SUPPLIED DATA:
<<<<
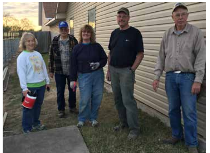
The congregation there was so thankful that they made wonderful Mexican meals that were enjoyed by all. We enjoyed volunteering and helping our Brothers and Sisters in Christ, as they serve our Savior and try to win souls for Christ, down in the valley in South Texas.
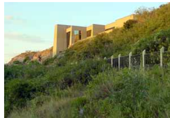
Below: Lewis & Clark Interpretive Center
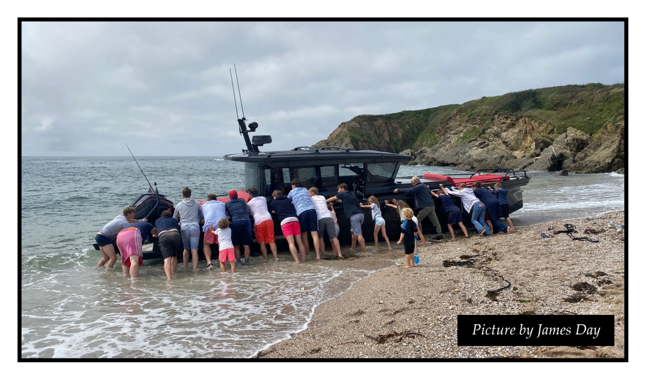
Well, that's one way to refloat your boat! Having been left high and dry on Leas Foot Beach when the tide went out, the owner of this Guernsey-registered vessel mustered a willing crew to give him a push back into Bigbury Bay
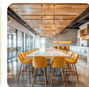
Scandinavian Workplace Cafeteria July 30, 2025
>>>>
<<<<
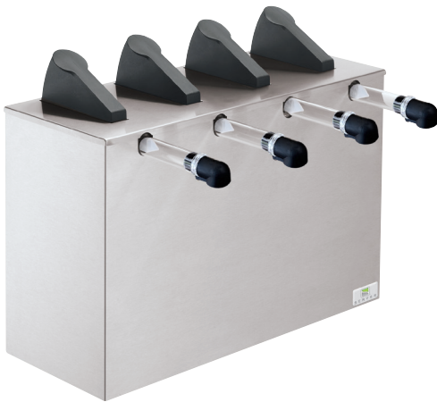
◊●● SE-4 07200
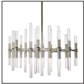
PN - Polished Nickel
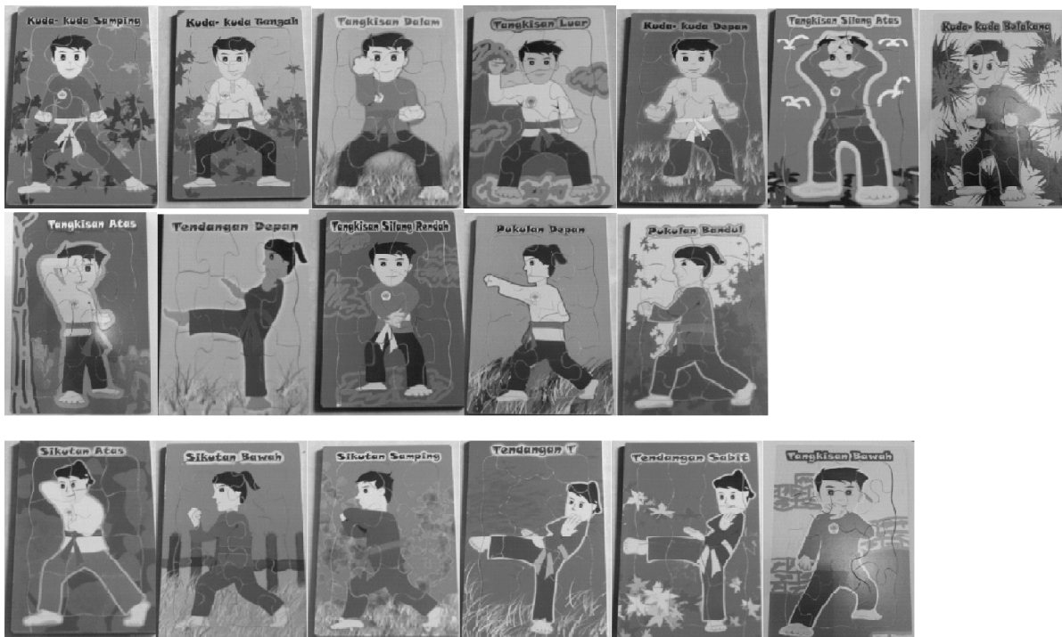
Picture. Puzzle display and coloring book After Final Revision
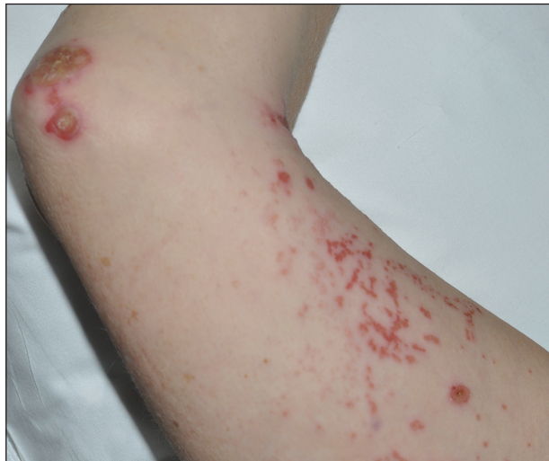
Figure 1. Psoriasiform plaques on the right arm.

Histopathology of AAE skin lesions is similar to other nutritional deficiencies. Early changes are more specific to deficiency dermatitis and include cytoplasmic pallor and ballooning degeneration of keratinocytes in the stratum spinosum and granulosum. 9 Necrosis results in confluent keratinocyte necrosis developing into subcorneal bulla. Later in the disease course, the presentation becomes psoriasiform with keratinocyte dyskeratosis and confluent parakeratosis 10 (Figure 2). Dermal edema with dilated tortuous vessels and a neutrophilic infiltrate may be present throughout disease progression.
>>>>
WORK TO BE COMPLETED: Now transcribe the lines above exactly, starting at the line containing "The congregation there" and ending at the line containing "Below: Lewis & Clark Interpretive Center", both lines included, pictures excluded.

SOLUTION TO THIS PROBLEM:
The congregation there was so thankful that they made wonderful Mexican meals that were enjoyed by all. We enjoyed volunteering and helping our Brothers and Sisters in Christ, as they serve our Savior and try to win souls for Christ, down in the valley in South Texas.
Below: Lewis & Clark Interpretive Center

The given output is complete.